A period of approximately fifty yeas of relative peace and prosperity followed the Jōkyū War. The Hōjō regents provided excellent leadership for the bakufu, and the bakufu oversaw the operations of the imperial court. We need not examine the structure of the Kamakura bakufu here in detail, but we should be aware of its basic functions. First, it supervised Japan's warrior households, which was no simple task. Second, it supervised local officials and shōen managers. Third, it adjudicated disputes involving warriors or warriors versus civilian aristocrats (the imperial court continued to adjudicate disputes involving civilian aristocrats and ordinary people residing in Kyōto). The bakufu, in other words, had become Japan's largest legal organization, and its courts were constantly backlogged with disputes.
The post-Jōkyū era was a difficult time for many court aristocrats. Kato describes aristocratic reactions to the reality of warrior power as follows:
The aristocracy reacted in two basic ways to the military power of Kamakura. The first, as we have already seen, was to seize every opportunity to set in motion plots aimed at resurrecting the old system. The unsuccessful Jōkyū uprising of 1221, led by the Retired Emperor Go-Toba (1180-1239), was a typical example of this reaction. The second reaction is well illustrated by the policy of Fujiwara Kanezane (1149-1207) and his close relationship with Yoritomo; Kanezane's policy being to preserve the autonomy of Kyōto by compromise with Kamakura and to maintain for the aristocracy as many as possible of the special privileges, especially 'shōen', they had enjoyed under the old system. Many individual aristocrats adopted this second attitude as a means of self-preservation. (Kato, Japanese Literature, p. 239.)

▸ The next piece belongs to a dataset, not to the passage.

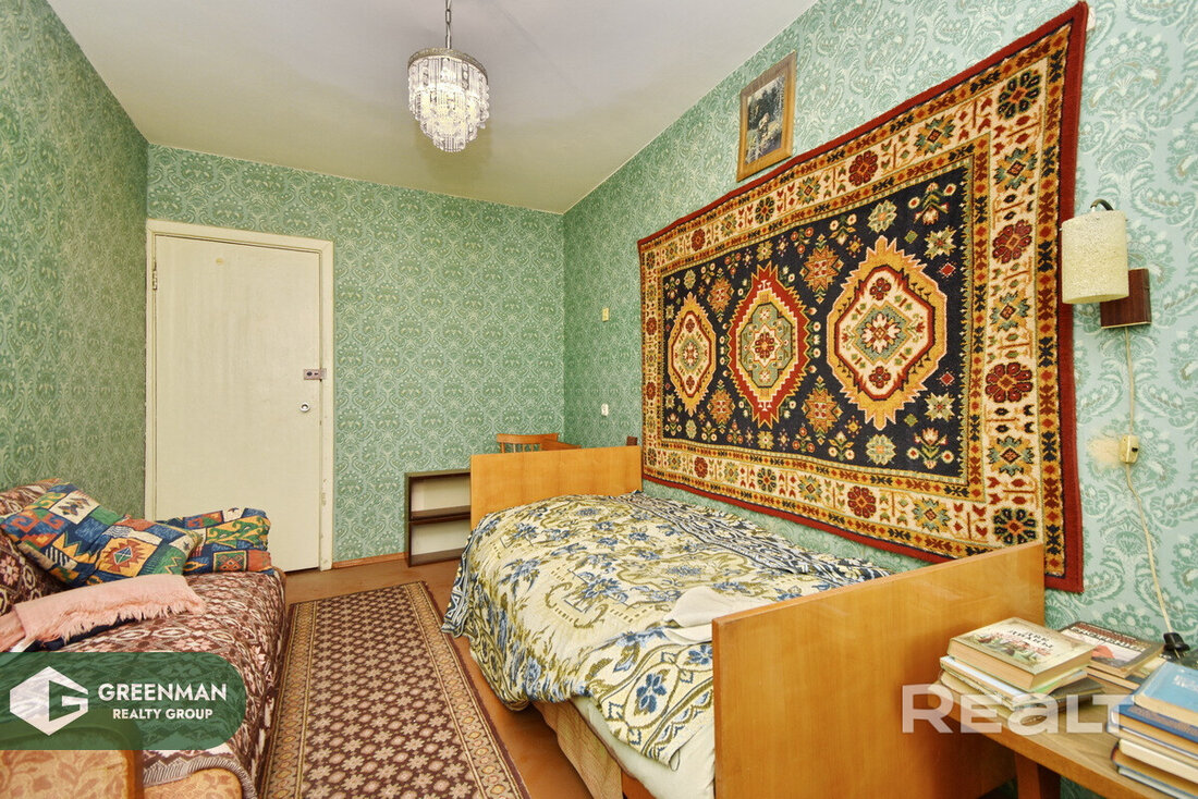 Обе комнаты — изолированные. В одной из них есть выход на балкон. Двушка нуждается в обновлении. Полы тут деревянные.

Despite the prevalence of disputes over shōen (estate) revenues and general aristocratic anxiety, there were no major problems until the late 1260s. At that time, the Mongols were completing their conquest of China and had also intimidated the Korean kingdom into becoming their allies. Mongol leader Kubilai Khan first sent envoys to Japan in 1266 to demand that Japan become a tributary state of the Mongol empire. The aristocrats at the imperial court were terrified of antagonizing the powerful Mongol leader and probably would have agreed to the demand. When Kubilai's envoys reached the bakufu, however, Regent Hōjō Tokimune (1251-1284, #image#) rejected their demands with scorn. Subsequent Mongol envoys received similar treatment. What was Kubilai Khan's motivation? According to Thomas D, Conlan:
Surviving records suggest . . . that the Mongols were in fact preoccupied with political hegemony, for such rhetoric pervades their diplomatic missives; the accumulation of wealth seems to have been perceived as a function of this dominance that deserved little explicit attention. Indeed, an aura of absolute supremacy permeates their diplomatic discourse, which when coupled with their military offensives, led many to conclude that they intended to bring the whole world under their domination. (Thomas D. Conlan, trans., In Little Need of Divine Intervention: Takezaki Suenaga’s Scrolls of the Mongol Invasions of Japan. [Ithaca: East Asian Program, Cornell University, 2001], pp. 255-6.)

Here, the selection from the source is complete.